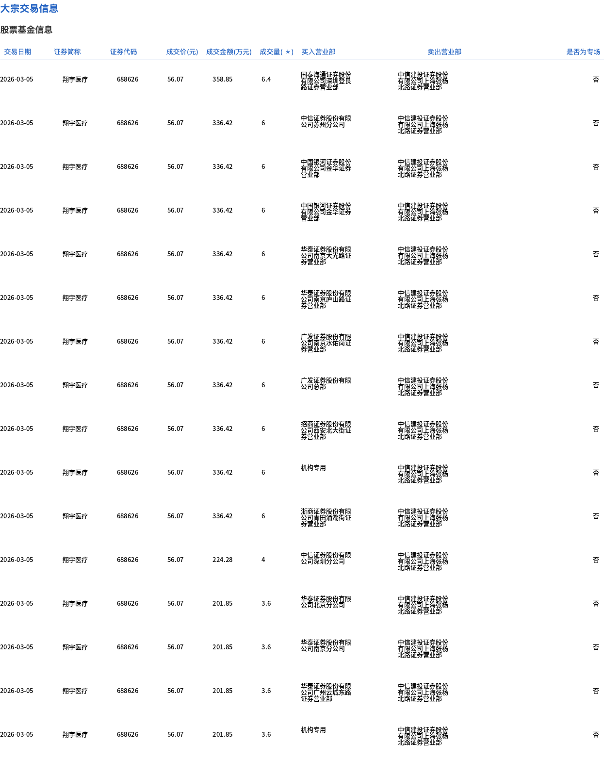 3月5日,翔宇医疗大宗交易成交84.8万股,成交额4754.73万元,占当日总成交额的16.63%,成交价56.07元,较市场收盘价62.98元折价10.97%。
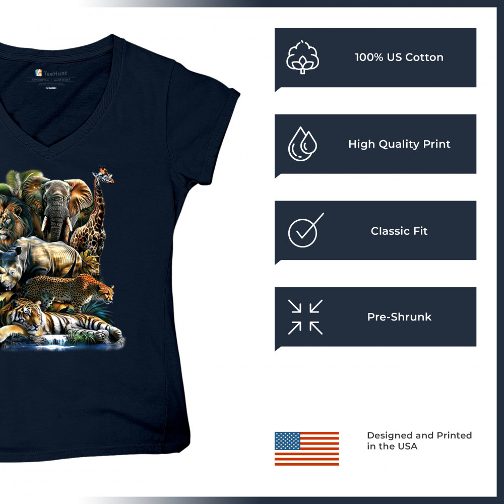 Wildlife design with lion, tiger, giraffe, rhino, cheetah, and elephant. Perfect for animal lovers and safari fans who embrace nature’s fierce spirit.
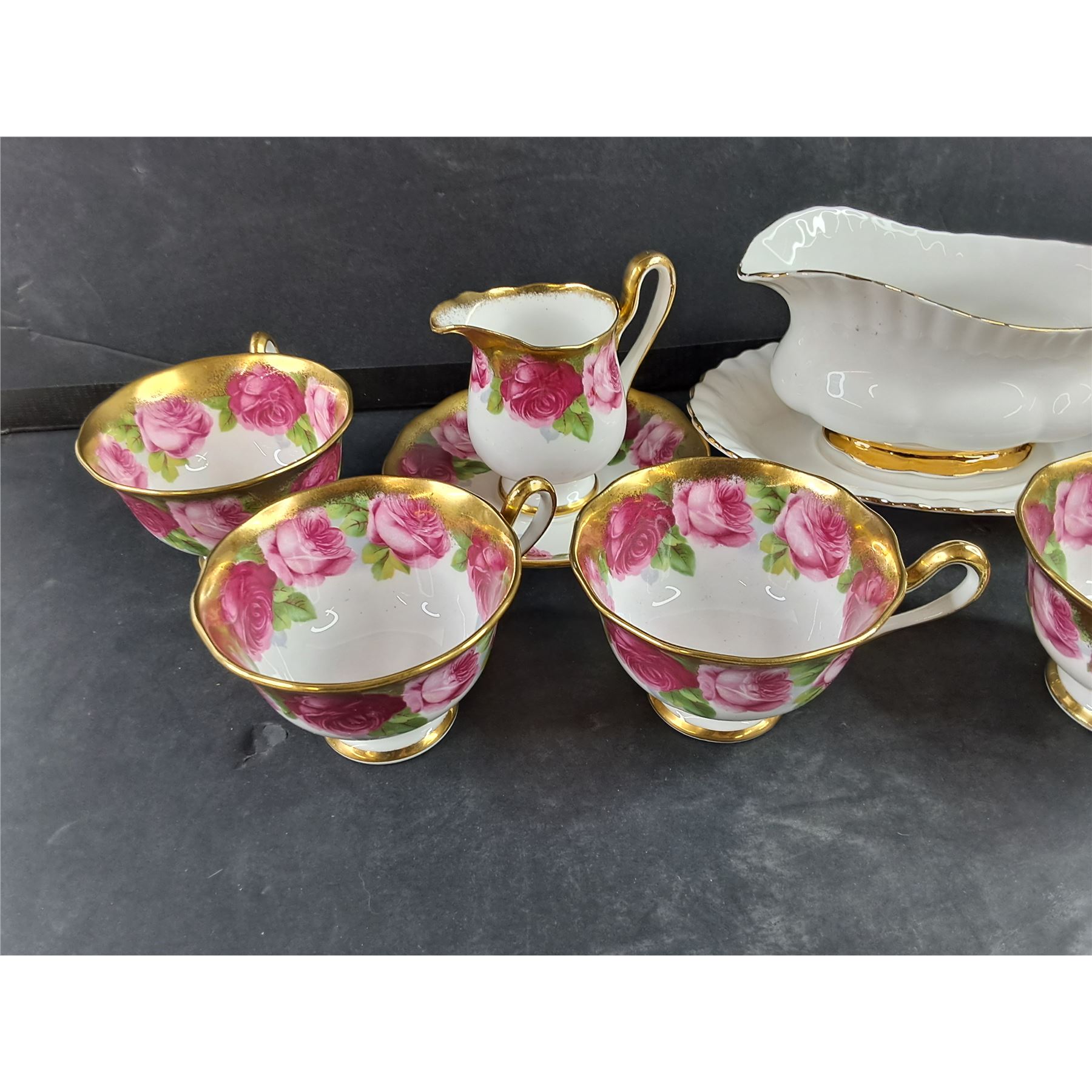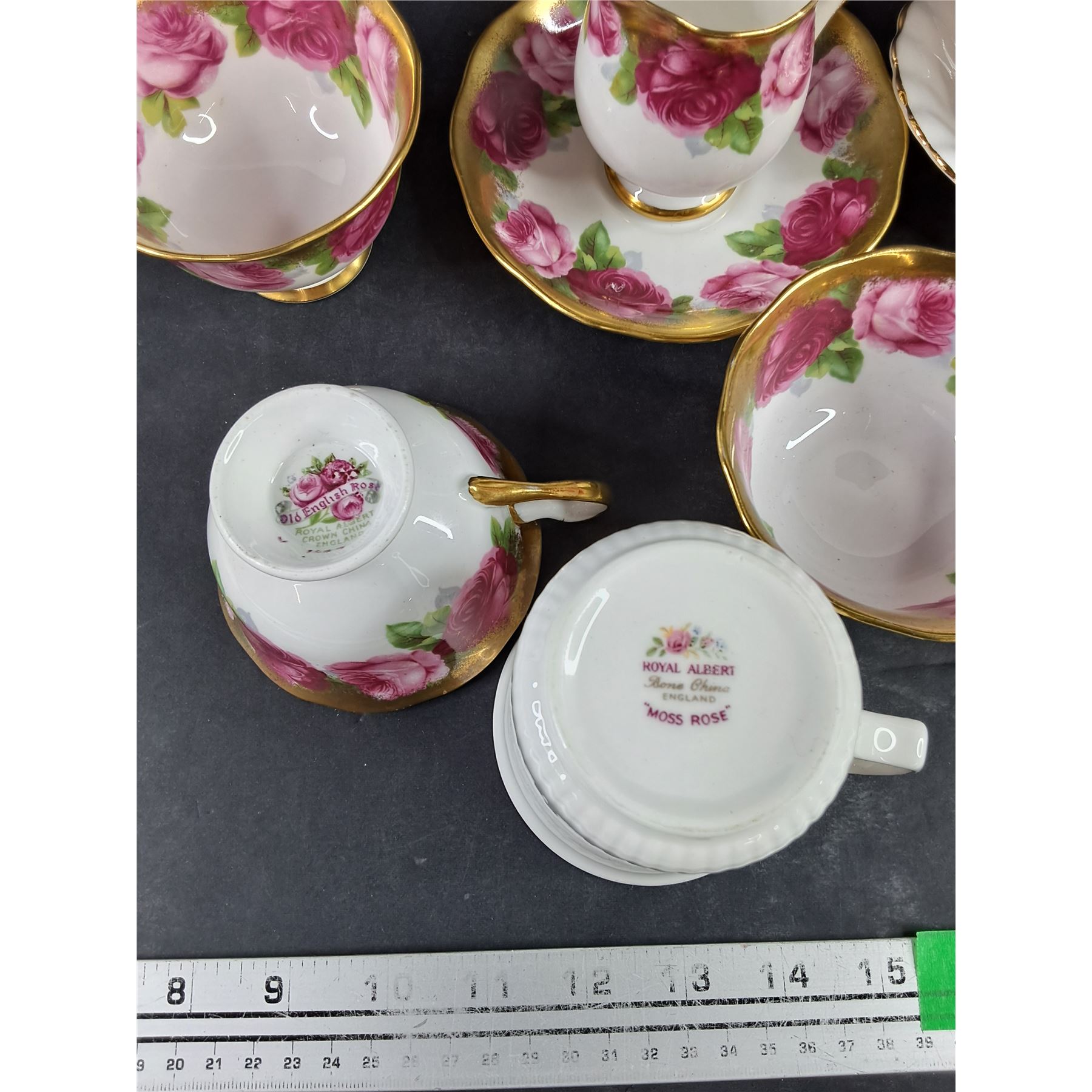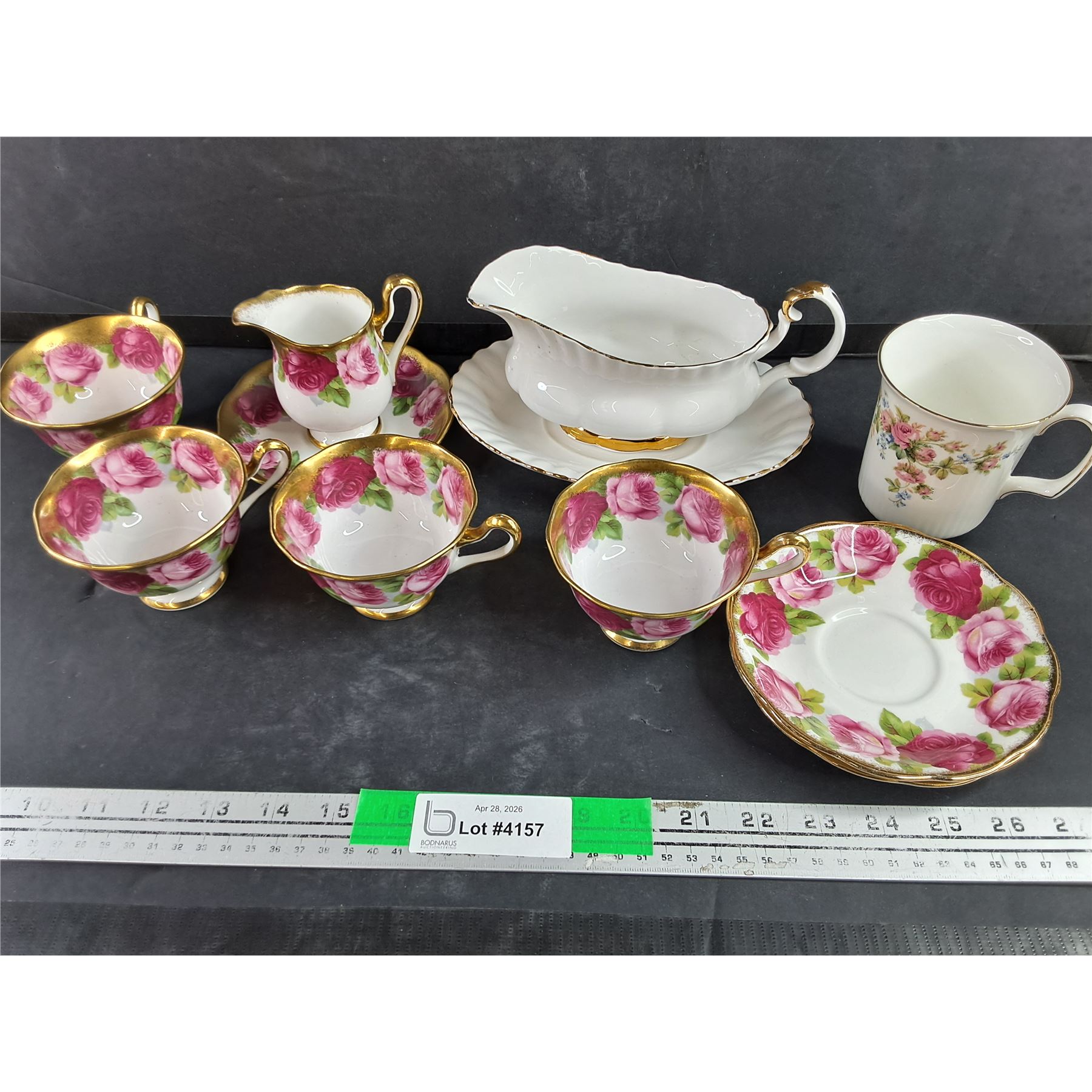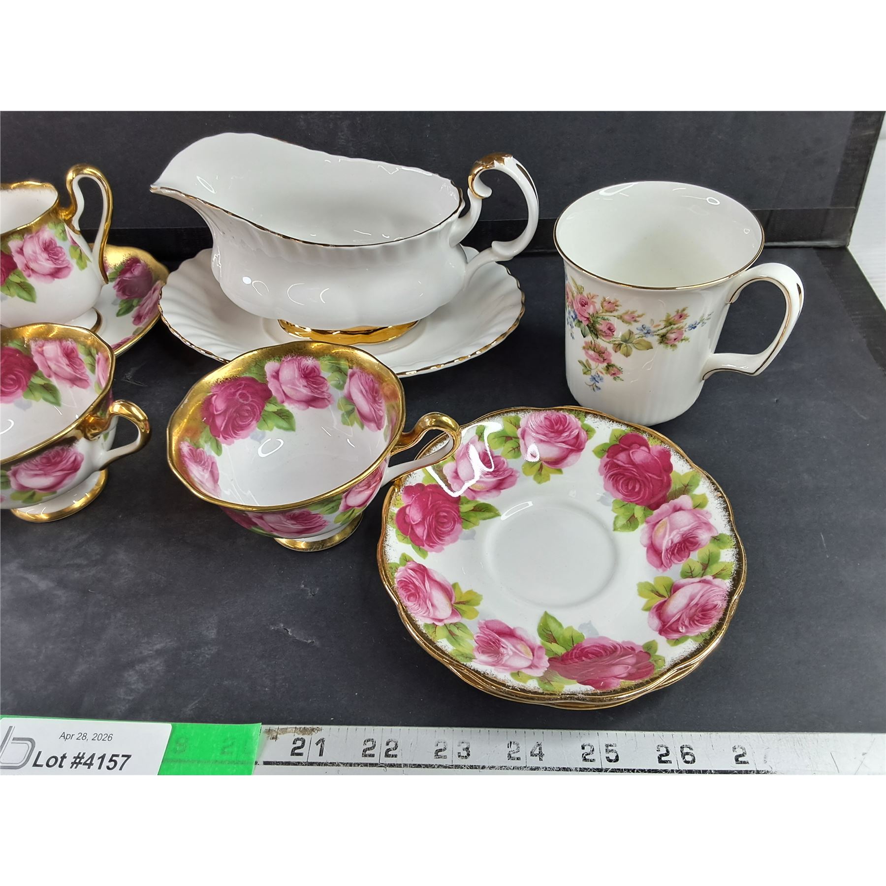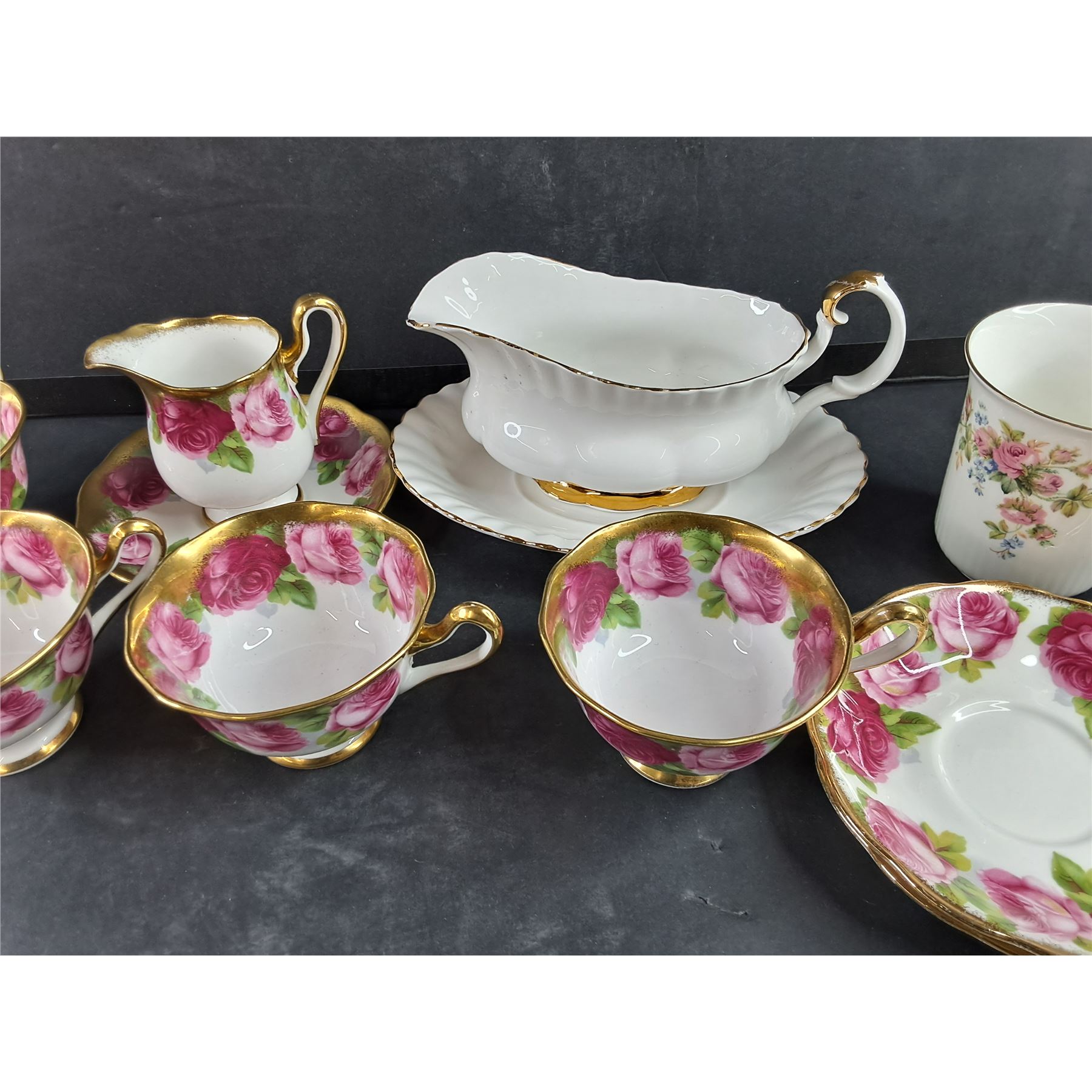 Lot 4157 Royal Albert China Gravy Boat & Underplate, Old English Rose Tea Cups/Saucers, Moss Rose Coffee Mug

------------

Work instructions: None of the pictures belong in the copy; transcribe the rest of the data exactly.

Result of the task:
 3月5日,翔宇医疗大宗交易成交84.8万股,成交额4754.73万元,占当日总成交额的16.63%,成交价56.07元,较市场收盘价62.98元折价10.97%。
 Wildlife design with lion, tiger, giraffe, rhino, cheetah, and elephant. Perfect for animal lovers and safari fans who embrace nature’s fierce spirit.
 Lot 4157 Royal Albert China Gravy Boat & Underplate, Old English Rose Tea Cups/Saucers, Moss Rose Coffee Mug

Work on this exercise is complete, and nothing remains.